RECORDS Start Marker

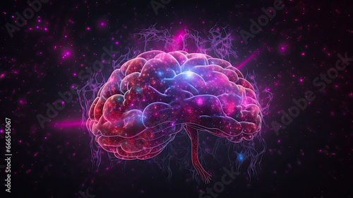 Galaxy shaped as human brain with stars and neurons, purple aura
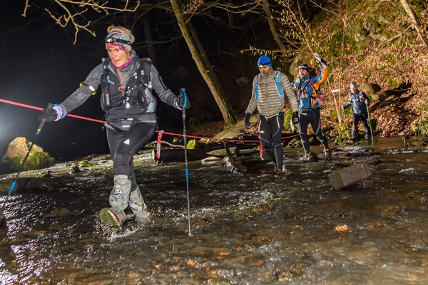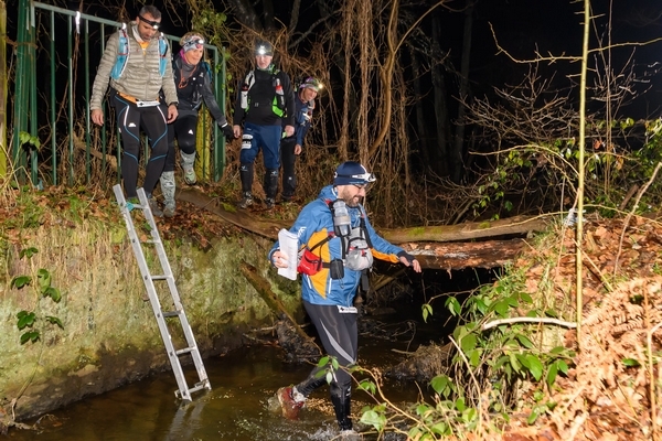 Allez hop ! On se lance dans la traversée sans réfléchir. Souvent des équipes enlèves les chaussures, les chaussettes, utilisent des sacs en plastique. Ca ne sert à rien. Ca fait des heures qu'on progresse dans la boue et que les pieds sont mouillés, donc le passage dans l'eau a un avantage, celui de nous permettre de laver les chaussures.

RECORDS End Marker
RECORDS Start Marker

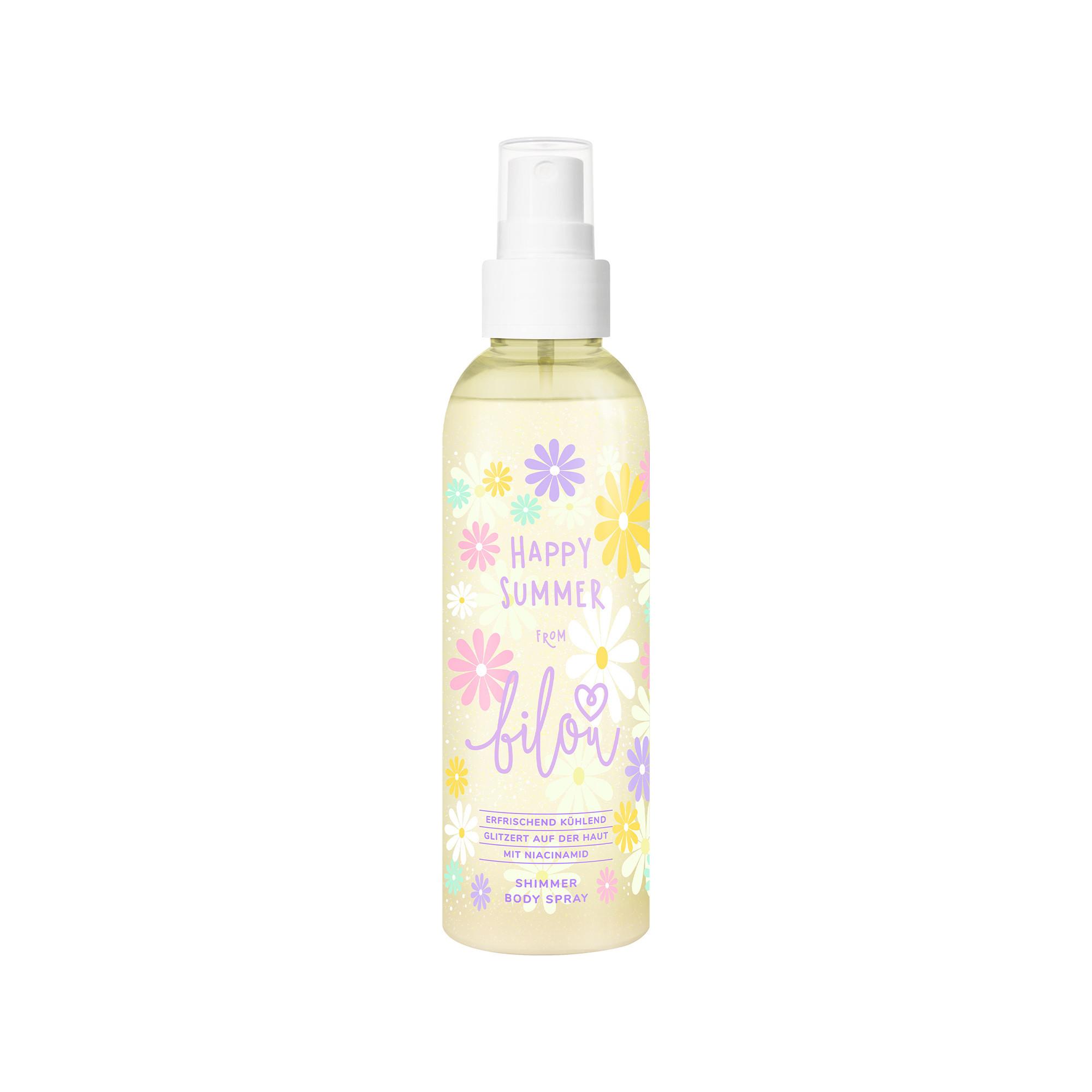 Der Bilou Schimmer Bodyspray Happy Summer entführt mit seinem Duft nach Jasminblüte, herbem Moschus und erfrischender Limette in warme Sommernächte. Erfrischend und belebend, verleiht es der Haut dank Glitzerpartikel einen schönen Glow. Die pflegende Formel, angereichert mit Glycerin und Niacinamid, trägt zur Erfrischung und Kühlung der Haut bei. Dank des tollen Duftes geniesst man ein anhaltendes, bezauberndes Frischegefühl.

RECORDS End Marker

YOUR OBJECTIVE:
Exact copy, pictures excluded: every line above from the one containing "Galaxy shaped as" to the one containing "Allez hop !", inclusive, and nothing more.

ANSWER TO THIS PROBLEM:
 Galaxy shaped as human brain with stars and neurons, purple aura
 Allez hop ! On se lance dans la traversée sans réfléchir. Souvent des équipes enlèves les chaussures, les chaussettes, utilisent des sacs en plastique. Ca ne sert à rien. Ca fait des heures qu'on progresse dans la boue et que les pieds sont mouillés, donc le passage dans l'eau a un avantage, celui de nous permettre de laver les chaussures.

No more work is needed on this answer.